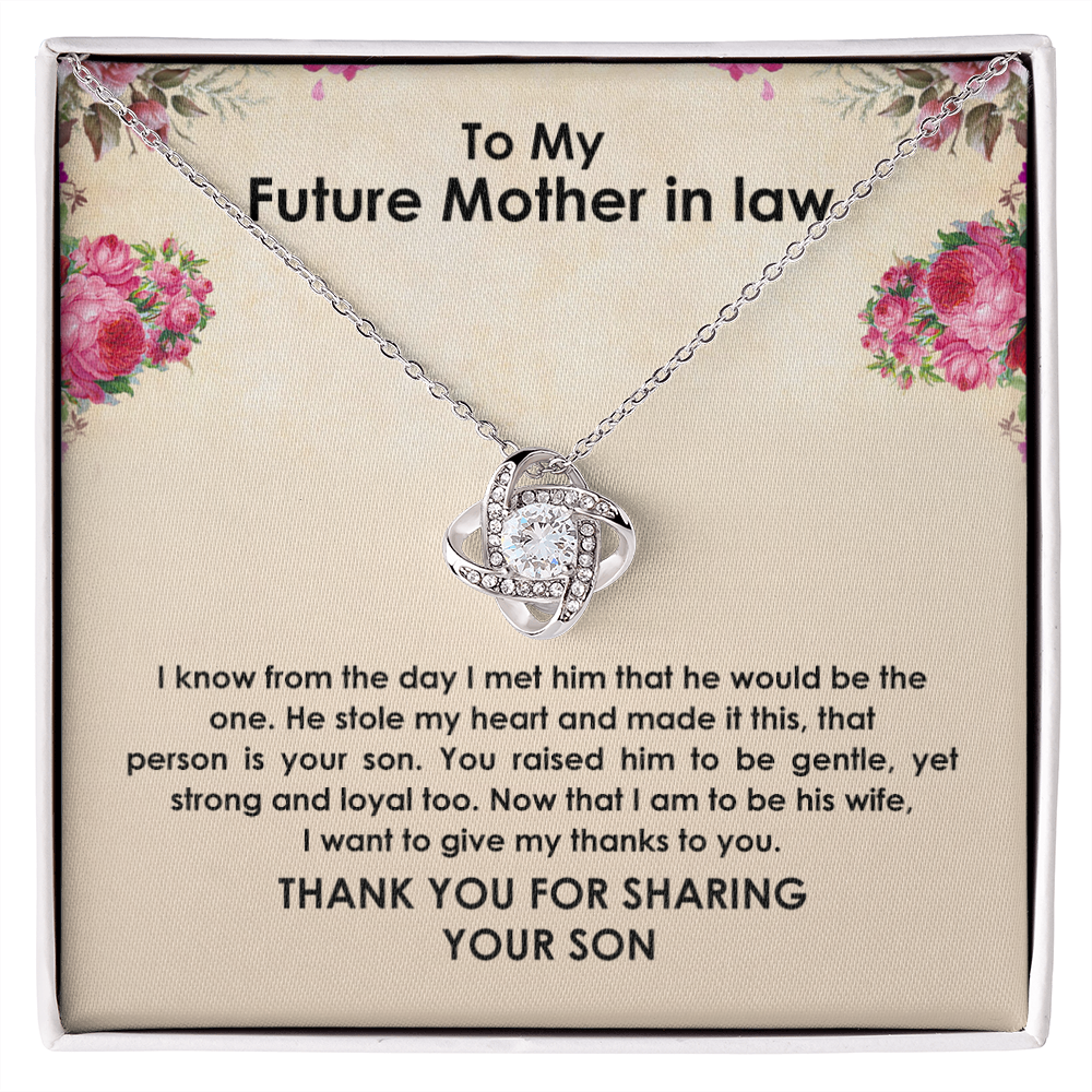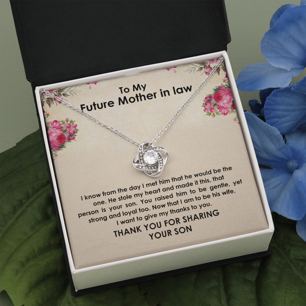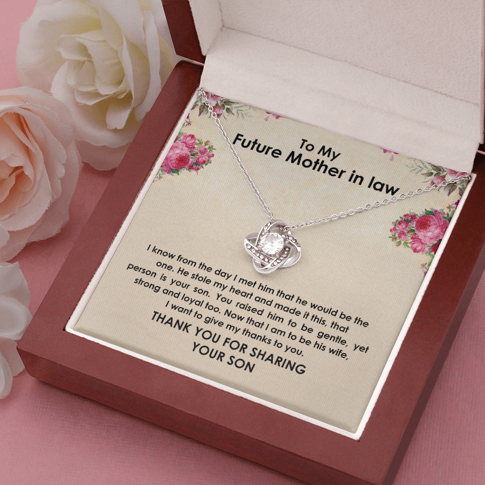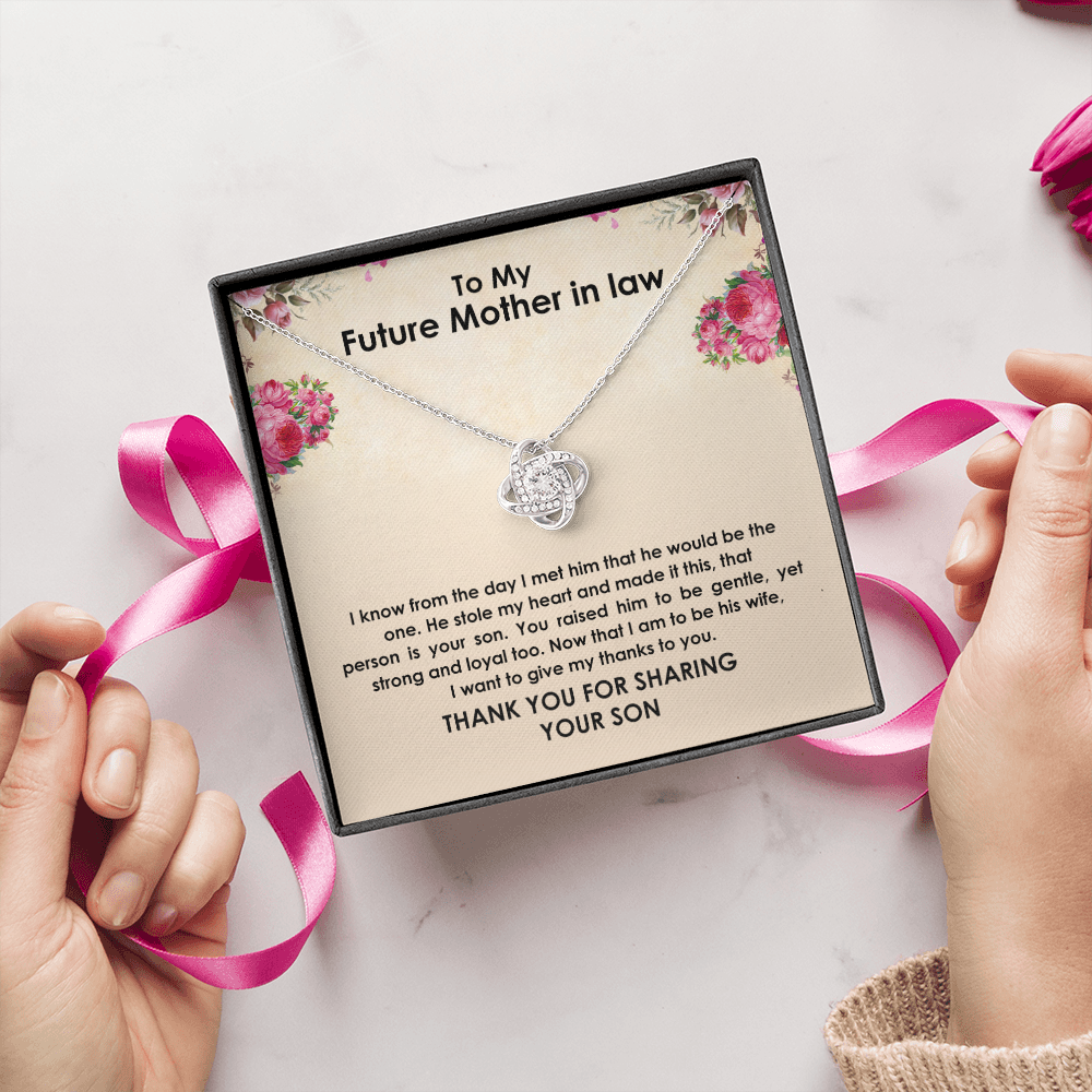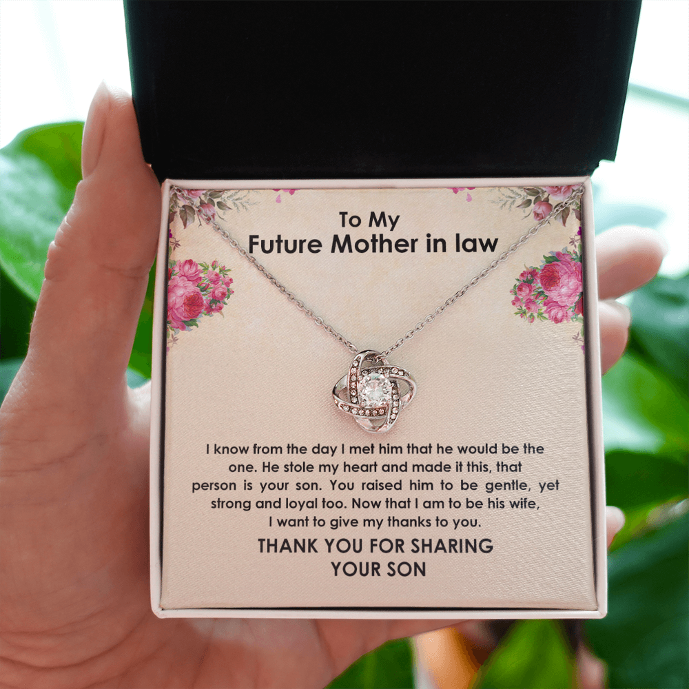 You can express gratitude to your future mother-in-law through this refined necklace combined with a meaningful message card. This heartfelt message shows appreciation for both caring for the man you love and accepting the person who will become your son. The message reads:
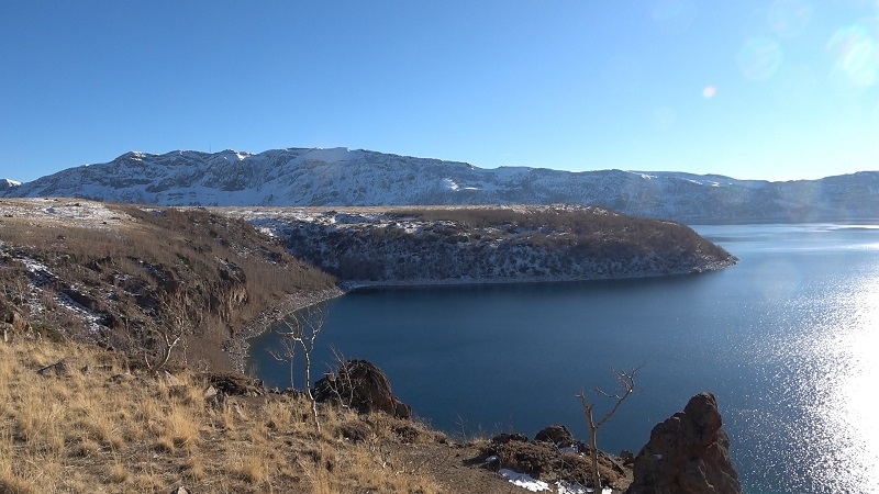 Bitlis’in Tatvan ilçesinde bulunan Nemrut Krater Gölü ziyaretçilerine iki mevsimi bir arada yaşatıyor.
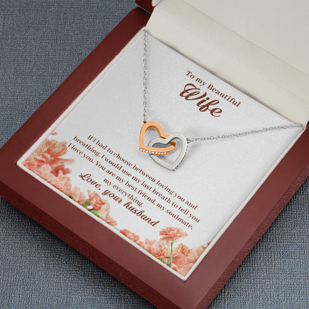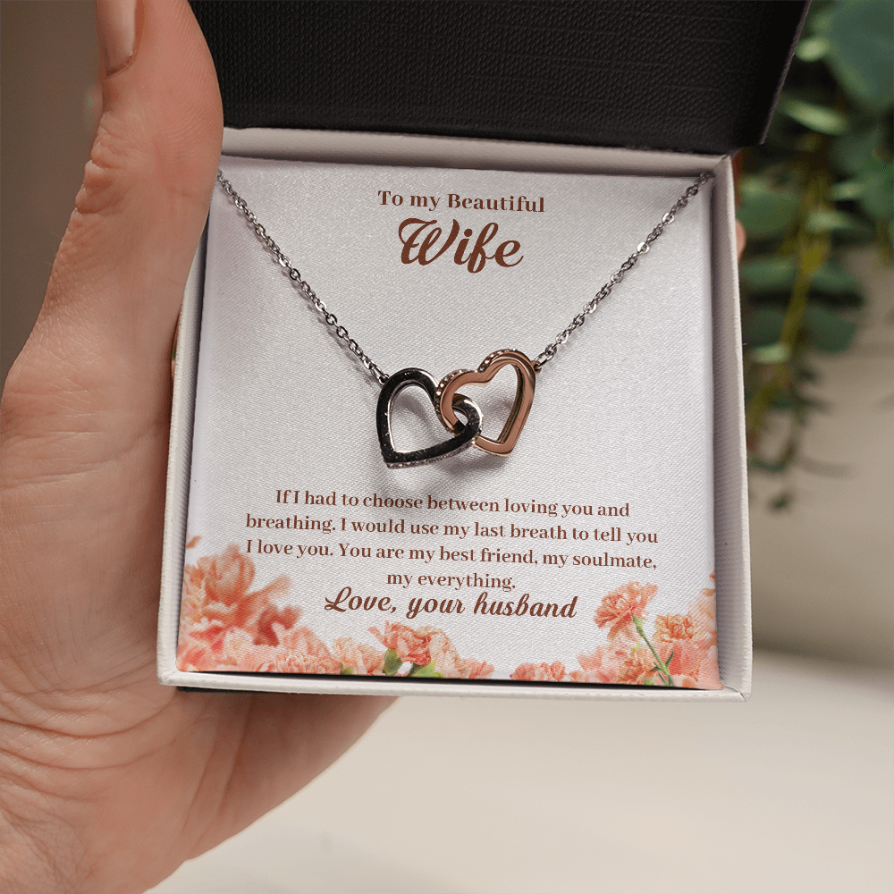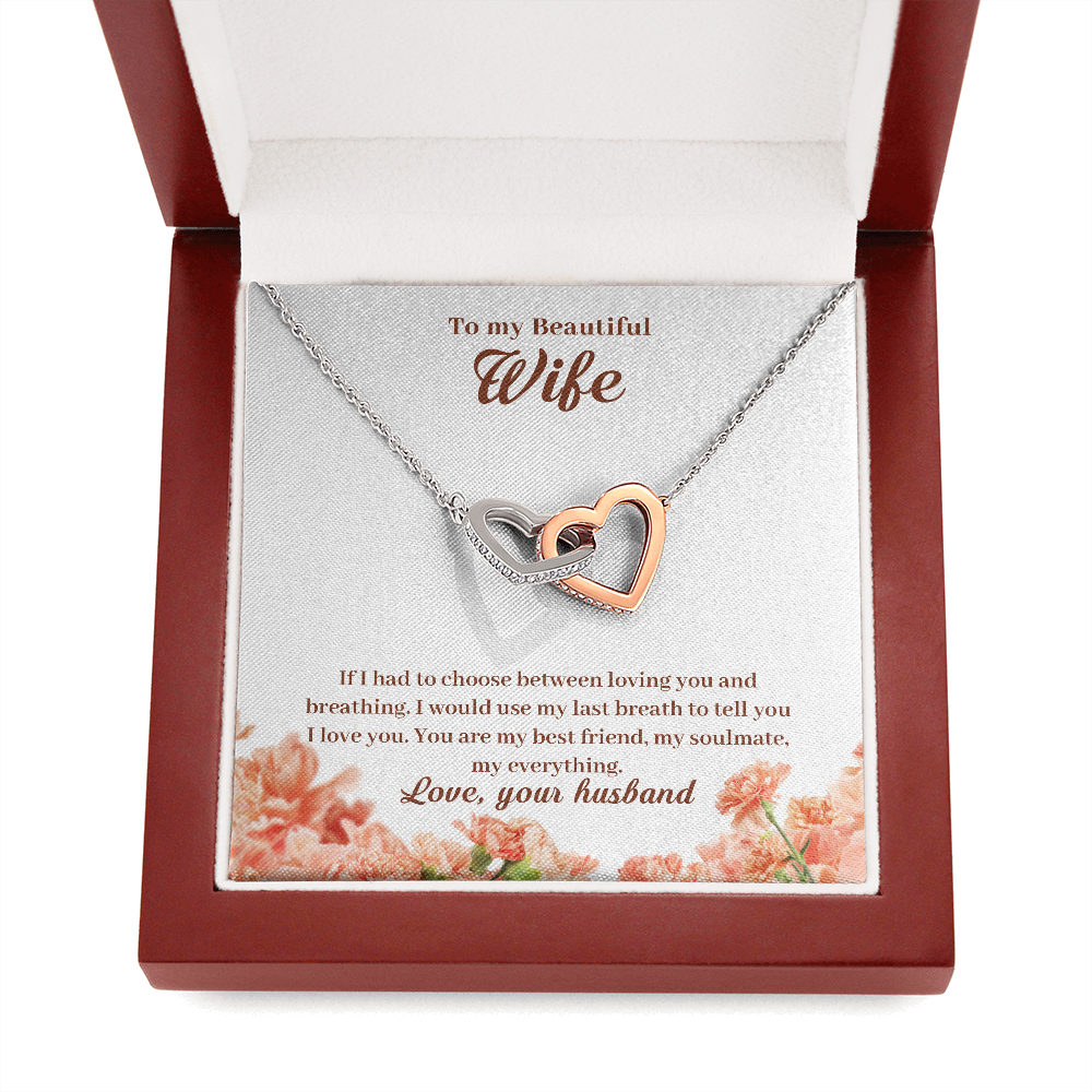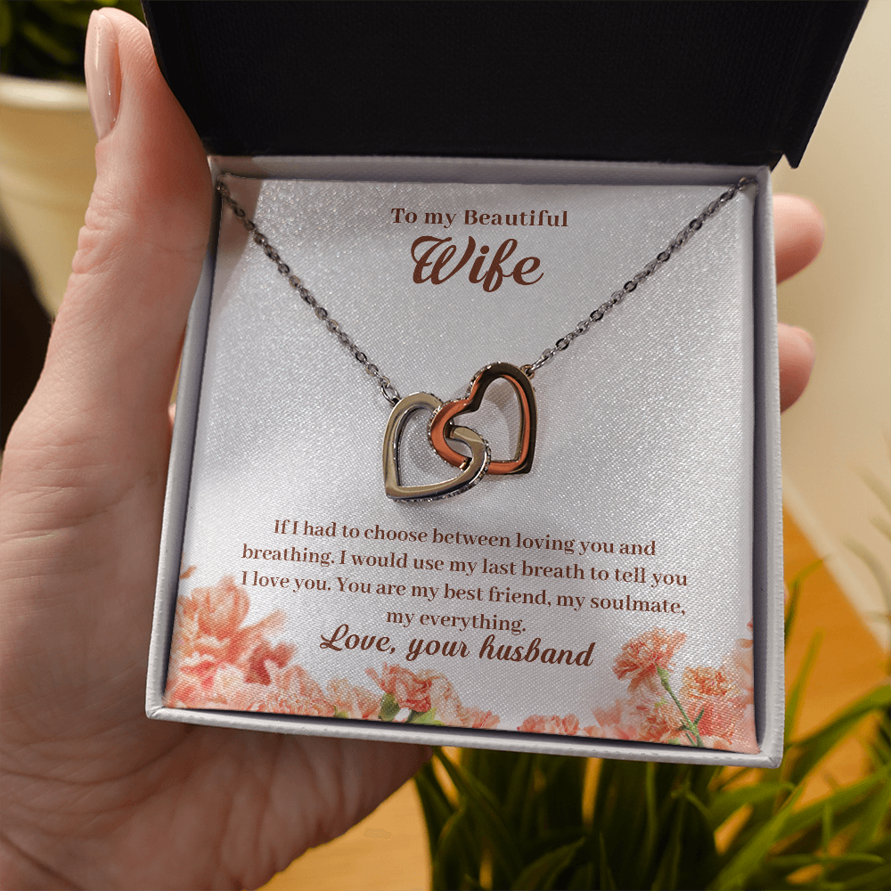 Two hearts embellished with Cubic Zirconia stones, interlocked together as a symbol of never-ending love. Made with high quality polished surgical steel. Cable chain measures 18 inches with a 4 inch extension, and fastens with a lobster clasp.

● ● ● ● ●

# [DESCRIPTION OF THE TASK]
Output all lines above precisely. Pictures are to be left out.

# [ANSWER SPACE]
 You can express gratitude to your future mother-in-law through this refined necklace combined with a meaningful message card. This heartfelt message shows appreciation for both caring for the man you love and accepting the person who will become your son. The message reads:
 Bitlis’in Tatvan ilçesinde bulunan Nemrut Krater Gölü ziyaretçilerine iki mevsimi bir arada yaşatıyor.
 Two hearts embellished with Cubic Zirconia stones, interlocked together as a symbol of never-ending love. Made with high quality polished surgical steel. Cable chain measures 18 inches with a 4 inch extension, and fastens with a lobster clasp.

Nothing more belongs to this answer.